SEI has started to apply LEAP-IBC in countries in Africa, Latin America and Asia. For the Estonia study, SEI Tallinn researchers teamed up with LEAP developer Charlie Heaps, of SEI-US, and Chris Malley and Harry Vallack of SEI York, developers of LEAP-IBC.
“We adapted the model to make calculations based on available local statistics on fuels, the technologies used for generating electricity and heat, current emissions, the geographical location of the population and changing parameters of economic activity,” Malley explained. The LEAP-IBC tool allowed them to create forward-looking scenarios and make projections to 2030.
Several of the potential interventions in the Estonian transport sector that SEI Tallinn explored involved measures to renew the local vehicle fleet, by providing incentives to buy more energy-efficient vehicles, introducing a CO2-based car tax, and taxing older, heavily polluting cars. They also considered road taxes for heavy-duty vehicles, steering demand from road transport towards rail and marine transport, as well as redirecting heavy-duty vehicles away from residential areas and city centres. In addition, SEI Tallinn explored traffic calming measures as potential ways to decrease the amount of SLCPs in urban air.
Other measures considered aim to incentivize biking, walking and public transport in urban areas as much as possible, to slow growth in the use of personal cars. Because Estonian towns are relatively small, SEI Tallinn experts believe it would not be very challenging to create new mobility options and thereby reduce car dependency.

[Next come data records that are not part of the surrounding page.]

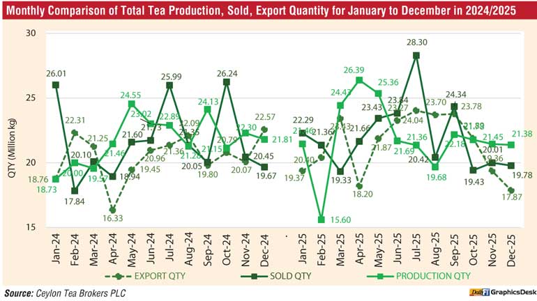 The Sri Lankan tea industry experienced an increase in Production, Exports whilst recording a decrease in National Average for the period January to December 2025 compared to the corresponding period in 2024.
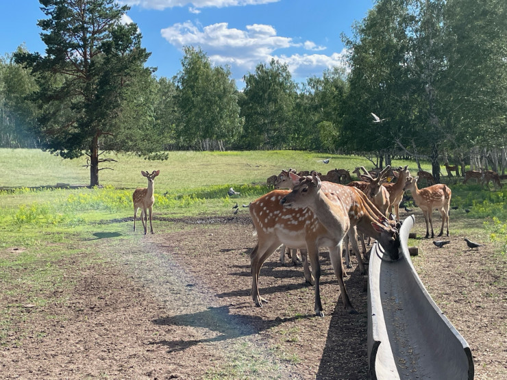 На лесной ферме здесь можно не только увидеть маралов в их естественной среде обитания, но и пройти пантолечение. Панты - это рога молодых маралов. Считается, что такое лечение полезно для мужского и женского здоровья, нервной системы, омоложения клеток и повышения иммунитета. Отметим, пантолечение относится к нетрадиционной медицине.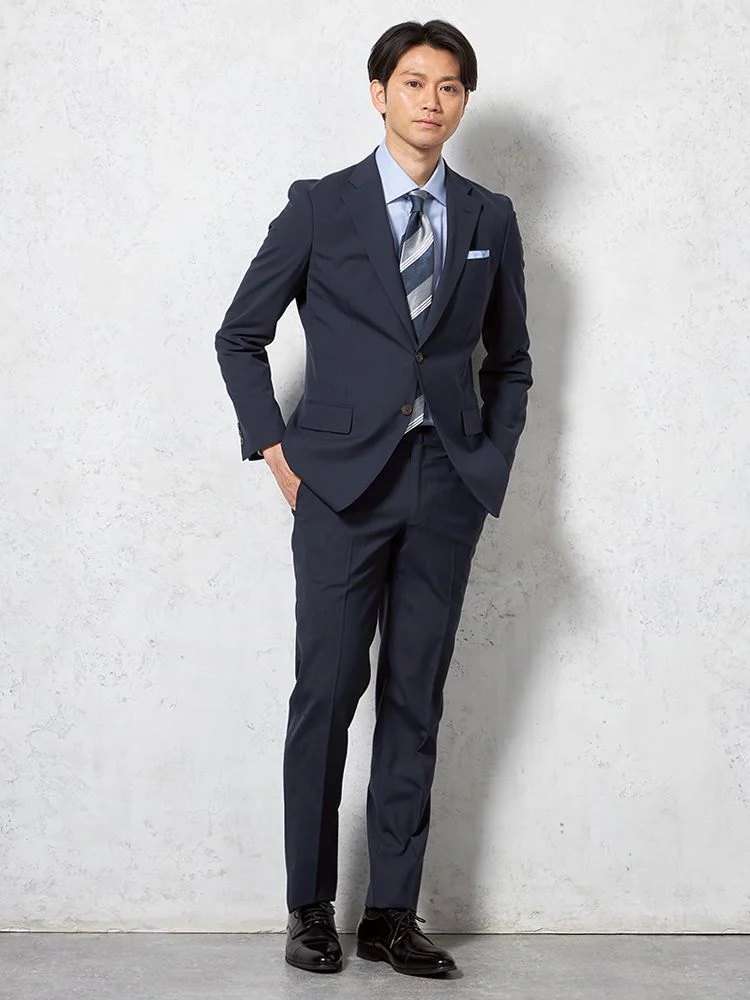 【即納】【WEB限定】スーツ2つボタンネイビーシャドウストライプ上下ウォッシャブル3シーズン対応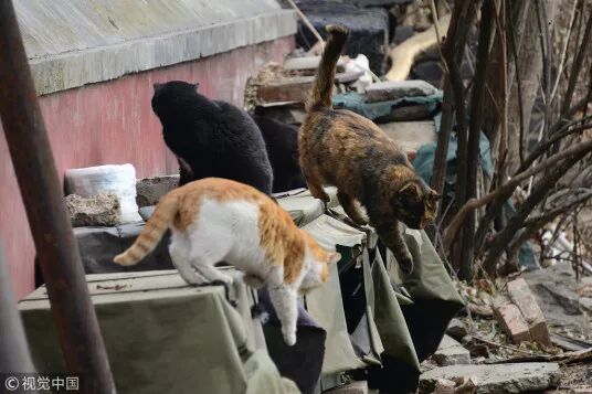 Three stray cats wander at the Wofo Temple in Beijing, Feb 26, 2018. [Photo/VCG]

In the housing sector, better fuels and burning technologies for heating apartment blocks as well as private houses are seen as a solution for contributing to better air quality. For example, in Estonia, where over 50% of the territory is covered with forests, wood is widely used for heating houses. However, the wood used should dry for at least three summers, so it will burn thoroughly when ignited; still-humid wood creates a great deal of soot.
Another key measure in the housing sector is to renovate buildings to make them more energy-efficient, which is particularly important because heating houses in the cold Nordic climate uses large amounts of energy.

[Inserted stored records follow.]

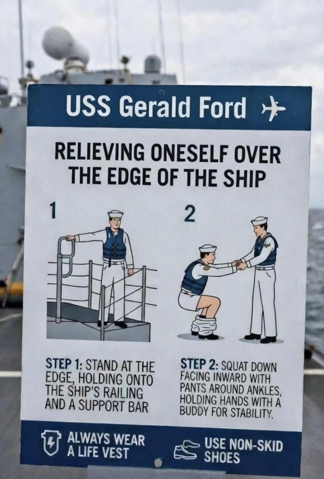 130亿美刀打造的电弹舰母本以为是威风凛凛出门巡场,结果半路被自家厕所给拿捏了? 船上650个真空马桶近九成失灵,动不动就堵,管道细、脾气大,稍微有点东西就罢工,几千号人天天排队等空位,堪比早高峰挤地铁。本来是战力拉满的海上巨兽,如今被人调侃“战斗力不如一套马桶”。(图②是网友调侃的“解决办法图,纯属搞笑) 没办法,只能临时停靠休整,一边修管道一边解决刚需。花了这么多钱,最先进的设备全上了,偏偏栽在最基础的生活问题上。这下好了,威名没震住别人,反倒让“厕所危机”名扬四海,成了大家茶余饭后的快乐素材。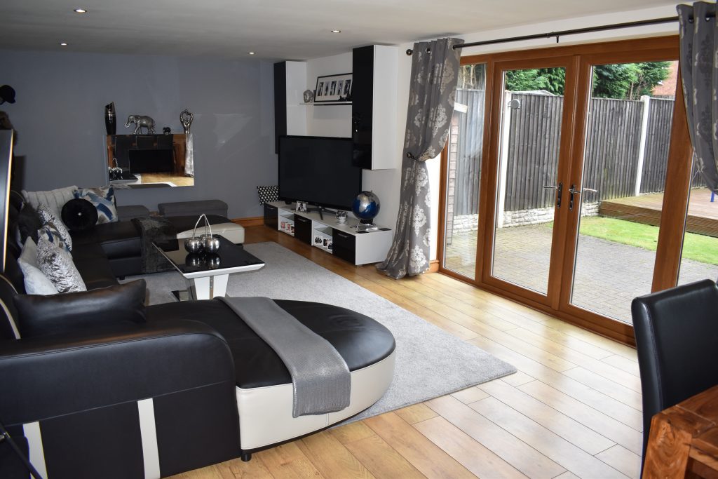 With wall mounted fire, power points, TV aerial point, ceiling spotlights and double-glazed patio doors with full length windows to either side which overlook and open onto the garden.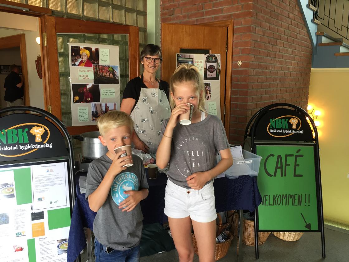 I underetasjen på Samfunnshuset hadde vi cafe med salg av rømmegrøt,sveler og kaker. Salget gikk strålende!!!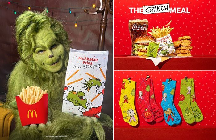 Check out Dr. Seuss’s The Grinch meal, with spirited socks, at McDonald’s for a limited time during the holidays.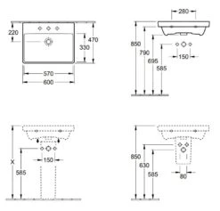 - der Ausschnitt muss gemäß dem Originalwaschtisch durchgeführt werden

Calculations by the LEAP-IBC model in the transport and housing sectors showed that by implementing the energy efficiency measures noted above, together with the ones foreseen in the Estonian National Development Plan of the Energy Sector until 2030 (ENMAK 2030+), 197 premature deaths could be avoided by 2030.
SEI Tallinn aims to research this topic further in collaboration with SEI York in order to assess the effects of another SLCP, ozone, on local environment and health. The continued research would also need to include the energy and agriculture sectors as the contributors to the local air quality. Since Estonia relies on its oil shale industry for energy independence, including the energy sector in the next phase of research can give a more accurate overview of the role of SLCPs in the local air quality.
Kallaste also noted that the role of neighbouring countries via transboundary transfer of SLCPs is also surprisingly big, based on the recent European Monitoring and Evaluation Programme (EMEP) report on Estonia. “This highlights the importance of regional dialogue and cooperation,” he said.